Abstract
We have studied how well the need for a medical intervention can be predicted by a telecare monitoring system. During a study period of about 18 months, 45 elderly individuals with congestive heart failure used a home health monitor to enter daily information pertaining to their symptoms and health status. A total of 8576 alerts were generated by the monitoring system, although in most cases, patient and service provider interaction was not required. When system alerts were considered to be serious, or if symptoms persisted, the patient was contacted. A total of 171 key medical events (6 deaths; 28 hospital admissions; 59 changes in medication; 54 cases of advice given; 24 instances where immediate medical attention was recommended) were recorded in the monitoring logs. A multivariate logistic regression model was developed to predict these medical interventions/events. The model correctly predicted key medical events in 75% of cases with a specificity of 74% and an overall cross-validated accuracy of 74% (95% CI, 68–80%). Key predictors included the number of system alerts, self-rated mobility, self-rated health and self-rated anxiety. This suggests that subjective measures are useful in addition to physiological ones for predicting health status. A multivariate decision support model has potential to supplement practitioners and current telecare systems in identifying heart failure patients in need of medical intervention.
Introduction
In the United States, 4.8 million people are affected by chronic heart failure (CHF). The associated health-care costs amount to $38.1 billion annually. 1 Regular monitoring is especially pertinent to the management of CHF where signs of diminishing health may be subtle and difficult to recognize. 1,2 Nevertheless, it has been suggested that many of these symptoms of worsening health (i.e. oedema, dyspnoea, weight gain) present 8 to 12 days before hospitalization. 3 Telecare systems may be a cost-effective and patient-acceptable way of identifying the problems. 3,4
Despite growing interest and investment in this area, there remain numerous questions as to how to achieve the greatest increase in clinical and cost effectiveness. 5 For instance, questions remain about the best predictors for a particular cardiovascular population. 6 We have therefore studied how well the need for a medical intervention can be predicted by a telecare monitoring system based on self-rated health-related quality of life (HQOL), physical symptoms, lifestyle and physiological measurements in individuals with CHF.
Methods
A review of Barnsley Hospital records identified potential participants for the study. All participants had echocardiographic evidence of heart failure and conventional symptoms. The exclusion criteria were: (1) ejection fraction >40%; (2) unstable angina; (3) age less than 60 years; (4) debilitating dementia or psychiatric disorder; (5) inability to comprehend words presented on an electronic screen; (6) planned coronary revascularization procedures; (7) on a waiting list for heart transplantation; (8) participation in another, conflicting heart failure research study within the past 6 months; (9) lack of an operational home telephone line and a nearby electrical socket; and (10) not living in the mainstream housing sector (e.g. residential or nursing care).
Data collection
Participants were provided with a health monitor (Doc@Home, Docobo Inc, Sheffield, UK) through which they entered daily information pertaining to their symptoms and health status through a set of questions developed by the research and clinical team. Daily measurements of blood pressure and pulse rate were recorded using a wireless monitor (UA-767 Plus BT, A&D Medical). Daily weight was also measured (HCV800, Hanson). Twice weekly, patients also completed a health-related quality of life measure (EQ-5D) 7 directly on the health monitoring unit, giving data on self-rated health (visual analogue scale), mobility, self-care, usual activities, pain/discomfort and anxiety/depression. The data were transmitted at night through telephone lines and screened for abnormalities. If the data fell outside user-specific limits, clinicians were notified. This therefore provided two additional sets of data: (a) a daily record of system alerts generated by the home monitoring system in accordance with the variables listed in Table 1, and (b) a qualitative log of clinical interventions and medical events recorded by the monitoring health-care staff. The study was approved by the appropriate ethics committee.
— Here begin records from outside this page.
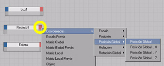 Sobre el cuadrado rojo de la derecha del nodo, haciendo clic con el botón izquierdo recinto1: coordenadas > posición global > posición global.
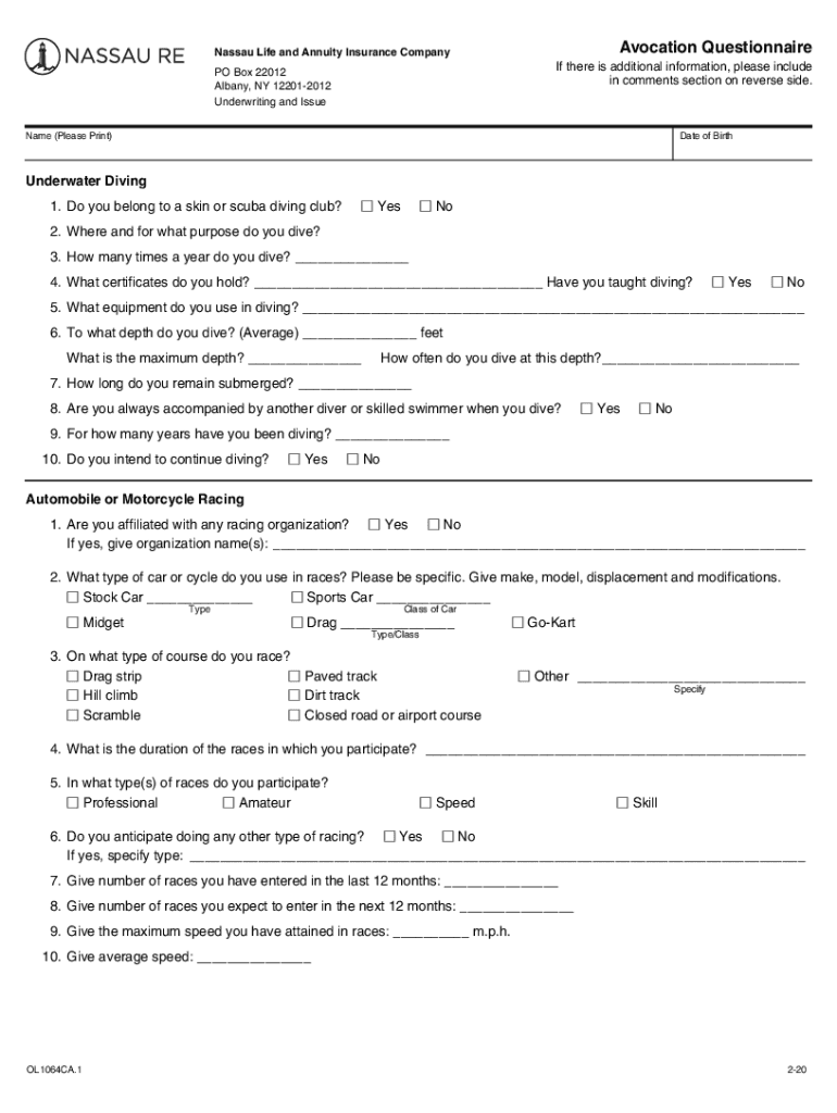 Avocation Questionnaire Nassau Life and Annuity Insurance Company there is additional information, please include in comments section on reverse side. PO Box 22012 Albany, NY 122012012 Underwriting
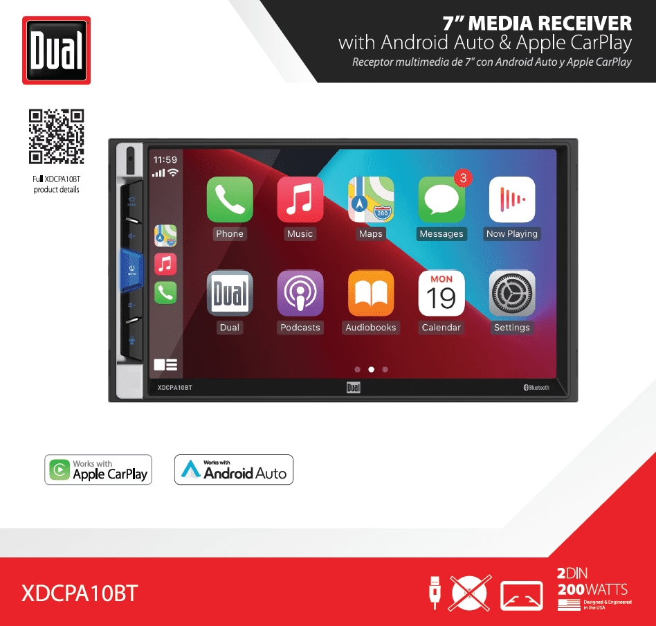- Apple Car Play & Android Auto – your Dual Electronics car stereo head unit has just become your personal assistant on your road trip; Siri/Android will help you make/return calls and listen to voicemails, send, read and reply to text messages, access all your favorite music while displaying artist and track information and provide turn-by-turn directions including mirroring the receivers screen onto your Dual car stereo

Default criteria used by the monitoring system to generate system alerts. Specific limits could be set for each individual, as appropriate
Data analysis
The data analysis was conducted using standard statistical software (SPSS 14.0). Logistic Regression (LR)
8–12
was used to predict the occurrence of key medical events/interventions as extracted from the health-care practitioner logs. For each week of the study, the average/median values of predictor variables were calculated, the number of system alerts was enumerated, and the presence of a key medical event or intervention was noted from the logs of monitoring health-care practitioners. The rationale for this approach was two-fold:
Data were collected with varying frequency (either weekly, twice a week or daily); A time lag was evident between user-inputted data, generated system alerts and nurse responses.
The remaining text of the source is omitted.